June 17: Wang Yi stressed that China and India are both emerging powers with more than one billion people, and both have the historic mission to speed up the realization of our own development and revitalization. Therefore, mutual respect and support is a sure way and meets the long-term interests of both countries; suspicion and friction is a wrong path and goes against the fundamental aspiration of the two peoples.
July 5: Wang Yi noted that this year marks the 70th anniversary of the establishment of diplomatic ties between China and India. Our bilateral relations have withstood tests and made hard-won progress. The right and wrong of what recently happened at the Galwan Valley in the western sector of the China-India boundary is very clear. China will continue firmly safeguarding our territorial sovereignty as well as peace and tranquility in the border areas. As Wang Yi stressed, for both China and India, achieving development and revitalization is the top priority where we share long-term strategic interests. Both sides should adhere to the strategic assessment that instead of posing threats, the two countries provide each other with development opportunities. Both sides should pay great attention to the current complex situation facing China-India bilateral relations, and work together to overcome and turn it around as soon as possible. We hope India can work with China to guide public opinion in the right direction, keep and advance bilateral exchanges and cooperation, and avoid amplifying the differences and complicating matters so as to jointly uphold the big picture of China-India relations.
* Leaders’ consensus
Beijing has invoked the consensus between Prime Minister Narendra Modi and Chinese President Xi Jinping both times. But this time it spelt out that differences should not becomes disputes, as was formulated in 2017.
June 17: Both sides should act on the important consensus reached by the two state leaders, strengthen communication and coordination to properly address the border situation through existing channels, including the China-India Special Representatives’ Meeting and border personnel meeting mechanism, so as to jointly preserve peace and tranquility in the border area.
July 5: First, both sides agreed to follow the important consensus reached by leaders of the two countries. Both believed that maintaining peace and tranquility in the border areas matters significantly to the long-term development of bilateral relationship, that the boundary question should be placed properly in the bilateral relations, and that an escalation from differences to disputes should be avoided.

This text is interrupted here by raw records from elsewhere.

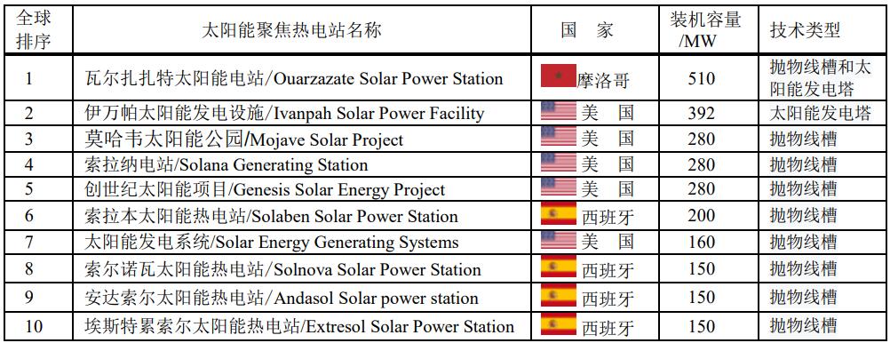 全球前十大太陽(yáng)能聚焦熱電站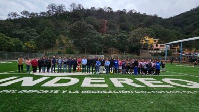 Titular de SEDESOQ entrega cancha de fútbol 11 en Pinal de Amoles
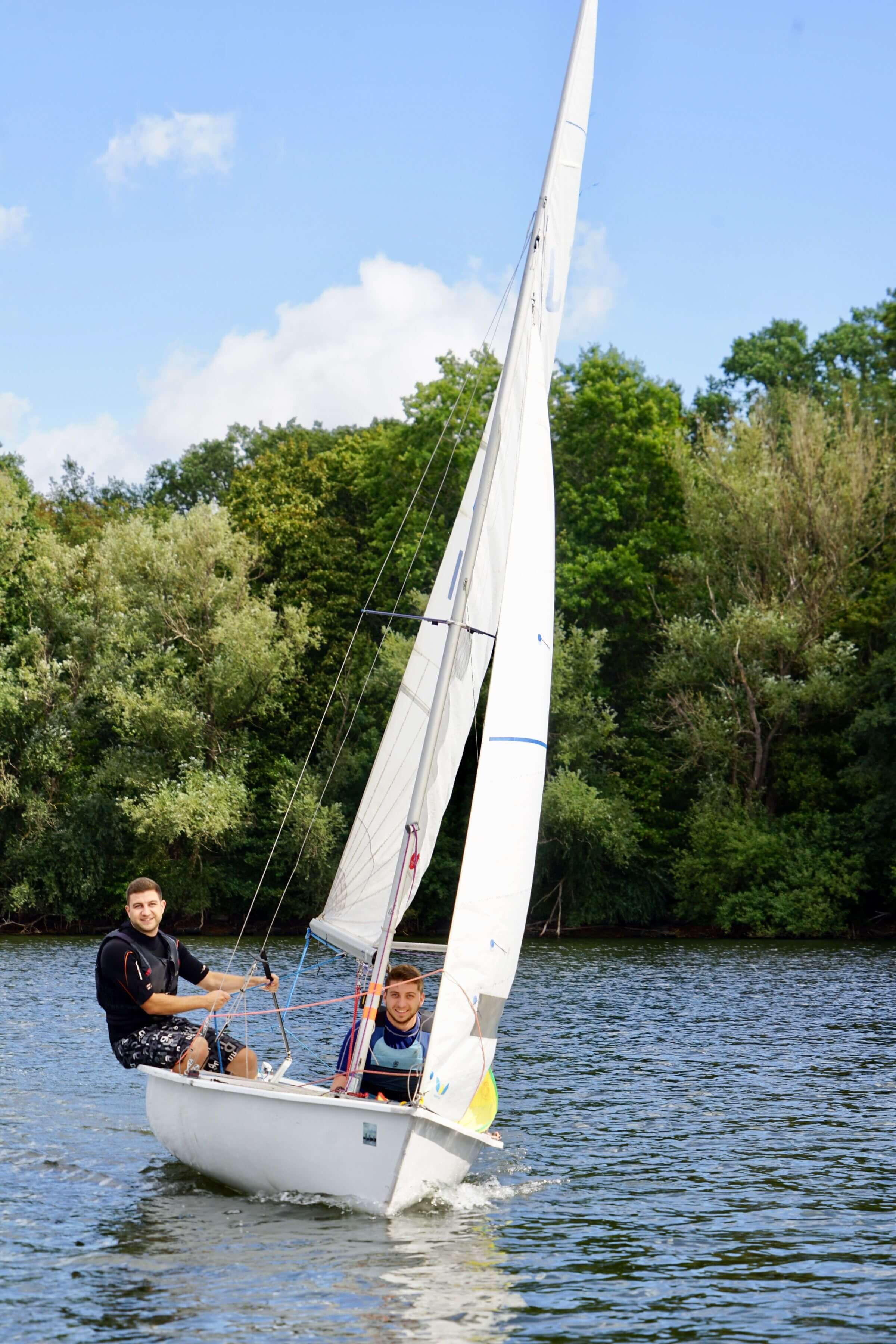 Der Samstagmorgen präsentierte sich grau in grau bei starkem Regen mit eher schwachem Wind. Es schien, als sollte es ein nasser Tag mit Startverschiebung werden. Doch weit gefehlt. Pünktlich zum Aufbauen der Boote kam die Sonne raus und zur Steuermannsbesprechung kam auch der erforderliche Wind auf.

Second, both sides reiterated adherence to the agreements signed by the two countries and making joint efforts to ease the situation in the border areas.
* Way forward: Last month, Beijing had left the door ajar, but this time — it talked about the “progress” made in the recent dialogues and stressed on the complete disengagement.
June 17: The two sides agreed to fairly address the serious situation caused by the conflict in the Galwan Valley, jointly observe the consensus reached at the commander-level meeting between the two sides, cool down the situation on the ground as soon as possible, and maintain peace and tranquility in the border area in accordance with the agreements already reached between the two countries.
July 5: Both sides agreed to strengthen communication through the mechanism of the Special Representatives’ Meeting, hold Meetings of the Working Mechanism for Consultation and Coordination on China-India Border Affairs without interruption, consistently improve and strengthen confidence-building measures and prevent more incidents that undermine peace and tranquility in the border areas.
Both sides welcomed the progress achieved in the recent military and diplomatic meetings, agreed to stay in dialogue and consultation, and stressed the importance to promptly act on the consensus reached in the commander-level talks between Chinese and Indian border troops, and complete disengagement of the front-line troops as soon as possible.